Сэр Джеффри улыбнулся
– На это и рассчитано, сэр. Я тоже кое-что понимаю в психотехнике.
– Да, да… Хорошо. Тогда я, прежде всего, попробую поставить себя на место психотестера с противоположной стороны. У него есть ограничения?
– Какого рода?
– Например – на количество исходного материала.
– Нет. Выбор предельно широк.
– Интересно… на схему тестирования?
– Любые законные методы, включая полиграф, тест Роршаха и все остальное.
– Интересно, интересно… Тогда бы я прежде всего обратил внимание на людей с сангвиническим типом характера. В них присутствуют эмоции, но их в меру, не чересчур много. Они деятельны в отличие от меланхоликов и сначала думают и только потом делают – в отличие от холериков. Это охрана?
– Простите?
– Люди, которых тестируем – это охрана?
– Да. Плюс кое-какие категории обслуги – например, экипаж личного самолета.

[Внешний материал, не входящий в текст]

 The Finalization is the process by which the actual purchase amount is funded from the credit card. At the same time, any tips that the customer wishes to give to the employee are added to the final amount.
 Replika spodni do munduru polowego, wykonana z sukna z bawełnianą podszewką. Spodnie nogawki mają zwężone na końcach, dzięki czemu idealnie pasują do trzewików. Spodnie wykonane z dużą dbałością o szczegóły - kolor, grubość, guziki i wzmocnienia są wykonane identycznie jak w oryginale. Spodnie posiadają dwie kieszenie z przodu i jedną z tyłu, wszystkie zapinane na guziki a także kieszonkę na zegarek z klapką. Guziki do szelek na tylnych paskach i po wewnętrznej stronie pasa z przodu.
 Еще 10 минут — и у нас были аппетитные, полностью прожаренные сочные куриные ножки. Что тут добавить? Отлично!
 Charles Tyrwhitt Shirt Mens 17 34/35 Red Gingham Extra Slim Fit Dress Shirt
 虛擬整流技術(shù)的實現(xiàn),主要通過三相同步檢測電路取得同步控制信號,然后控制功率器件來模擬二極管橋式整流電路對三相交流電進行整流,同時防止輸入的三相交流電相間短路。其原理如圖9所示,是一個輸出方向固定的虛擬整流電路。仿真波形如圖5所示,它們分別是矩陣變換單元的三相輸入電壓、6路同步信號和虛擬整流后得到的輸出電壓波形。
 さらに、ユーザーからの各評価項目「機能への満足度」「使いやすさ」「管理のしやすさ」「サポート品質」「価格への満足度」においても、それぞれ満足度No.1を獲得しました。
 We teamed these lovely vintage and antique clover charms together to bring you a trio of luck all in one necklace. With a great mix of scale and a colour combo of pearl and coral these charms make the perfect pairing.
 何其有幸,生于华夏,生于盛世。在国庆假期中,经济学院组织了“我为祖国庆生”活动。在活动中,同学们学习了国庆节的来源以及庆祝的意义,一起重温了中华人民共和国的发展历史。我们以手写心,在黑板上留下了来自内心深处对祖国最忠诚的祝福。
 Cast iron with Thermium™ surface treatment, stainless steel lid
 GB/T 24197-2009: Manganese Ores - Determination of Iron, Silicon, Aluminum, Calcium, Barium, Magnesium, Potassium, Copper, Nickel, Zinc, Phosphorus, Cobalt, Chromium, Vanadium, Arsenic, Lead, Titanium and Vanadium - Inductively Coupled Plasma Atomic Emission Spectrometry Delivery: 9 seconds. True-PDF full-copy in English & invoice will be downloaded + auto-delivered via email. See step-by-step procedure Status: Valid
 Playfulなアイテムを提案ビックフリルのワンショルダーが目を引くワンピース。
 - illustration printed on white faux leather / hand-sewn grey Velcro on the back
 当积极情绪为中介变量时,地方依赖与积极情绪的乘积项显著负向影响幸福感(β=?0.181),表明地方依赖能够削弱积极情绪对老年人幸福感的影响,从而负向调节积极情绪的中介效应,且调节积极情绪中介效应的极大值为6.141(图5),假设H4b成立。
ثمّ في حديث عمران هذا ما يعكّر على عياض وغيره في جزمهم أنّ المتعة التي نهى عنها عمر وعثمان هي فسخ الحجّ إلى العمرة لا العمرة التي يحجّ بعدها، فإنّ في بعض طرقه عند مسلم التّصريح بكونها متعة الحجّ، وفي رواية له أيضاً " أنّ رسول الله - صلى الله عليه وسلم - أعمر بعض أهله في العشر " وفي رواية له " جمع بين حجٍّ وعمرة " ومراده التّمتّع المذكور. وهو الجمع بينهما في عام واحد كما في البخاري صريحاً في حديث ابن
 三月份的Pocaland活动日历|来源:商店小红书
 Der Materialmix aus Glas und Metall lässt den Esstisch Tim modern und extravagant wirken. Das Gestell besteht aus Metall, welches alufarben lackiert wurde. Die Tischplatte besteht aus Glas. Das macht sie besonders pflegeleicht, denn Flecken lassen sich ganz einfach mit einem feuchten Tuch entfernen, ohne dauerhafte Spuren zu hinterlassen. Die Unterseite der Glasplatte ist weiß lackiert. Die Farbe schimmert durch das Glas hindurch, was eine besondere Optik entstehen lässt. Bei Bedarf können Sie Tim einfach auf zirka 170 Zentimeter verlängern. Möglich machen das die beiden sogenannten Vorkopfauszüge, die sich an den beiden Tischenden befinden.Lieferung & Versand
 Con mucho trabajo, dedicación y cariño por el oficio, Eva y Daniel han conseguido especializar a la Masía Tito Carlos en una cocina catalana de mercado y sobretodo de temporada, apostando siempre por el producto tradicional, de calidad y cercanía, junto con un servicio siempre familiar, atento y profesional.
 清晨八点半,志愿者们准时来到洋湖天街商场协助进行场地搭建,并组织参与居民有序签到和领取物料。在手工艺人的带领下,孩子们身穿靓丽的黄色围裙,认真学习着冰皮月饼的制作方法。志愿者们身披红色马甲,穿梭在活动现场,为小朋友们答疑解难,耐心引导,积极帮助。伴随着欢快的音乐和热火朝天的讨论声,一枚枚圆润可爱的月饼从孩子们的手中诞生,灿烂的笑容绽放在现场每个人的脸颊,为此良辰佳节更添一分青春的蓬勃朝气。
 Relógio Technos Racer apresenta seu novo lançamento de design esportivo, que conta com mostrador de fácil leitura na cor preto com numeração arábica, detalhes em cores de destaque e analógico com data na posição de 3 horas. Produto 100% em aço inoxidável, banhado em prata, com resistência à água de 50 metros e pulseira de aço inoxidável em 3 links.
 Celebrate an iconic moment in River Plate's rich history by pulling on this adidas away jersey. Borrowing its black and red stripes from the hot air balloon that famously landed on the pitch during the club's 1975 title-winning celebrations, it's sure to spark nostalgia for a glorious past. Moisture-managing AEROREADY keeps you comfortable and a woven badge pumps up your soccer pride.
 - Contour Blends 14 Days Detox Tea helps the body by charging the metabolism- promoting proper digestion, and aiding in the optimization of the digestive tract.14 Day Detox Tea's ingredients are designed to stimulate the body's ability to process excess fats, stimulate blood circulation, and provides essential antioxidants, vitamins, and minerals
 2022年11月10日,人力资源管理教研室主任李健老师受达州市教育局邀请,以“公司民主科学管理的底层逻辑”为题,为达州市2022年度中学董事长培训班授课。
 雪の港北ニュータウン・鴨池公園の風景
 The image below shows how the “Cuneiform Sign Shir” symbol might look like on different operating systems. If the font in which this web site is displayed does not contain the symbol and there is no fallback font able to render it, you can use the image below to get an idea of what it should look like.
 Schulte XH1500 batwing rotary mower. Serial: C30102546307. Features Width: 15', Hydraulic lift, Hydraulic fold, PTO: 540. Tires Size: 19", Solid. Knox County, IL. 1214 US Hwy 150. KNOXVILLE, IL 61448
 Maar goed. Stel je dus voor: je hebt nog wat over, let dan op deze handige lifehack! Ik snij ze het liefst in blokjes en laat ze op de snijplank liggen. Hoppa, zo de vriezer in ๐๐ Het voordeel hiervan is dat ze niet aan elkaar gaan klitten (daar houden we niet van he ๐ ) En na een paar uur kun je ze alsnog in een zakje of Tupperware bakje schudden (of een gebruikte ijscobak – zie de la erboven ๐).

– Пилоты… Это еще интереснее, они проходят предполетный контроль. Значит, проблема, которую мы создадим, должна нарастать лавинообразно. Очень интересно. Ищите сангвиников, сэр Джеффри, других не будет. Идеально – сангвиников с холерическими чертами. Мой человек просмотрит их – а потом мы сделаем окончательный выбор и начнем работать уже целенаправленно.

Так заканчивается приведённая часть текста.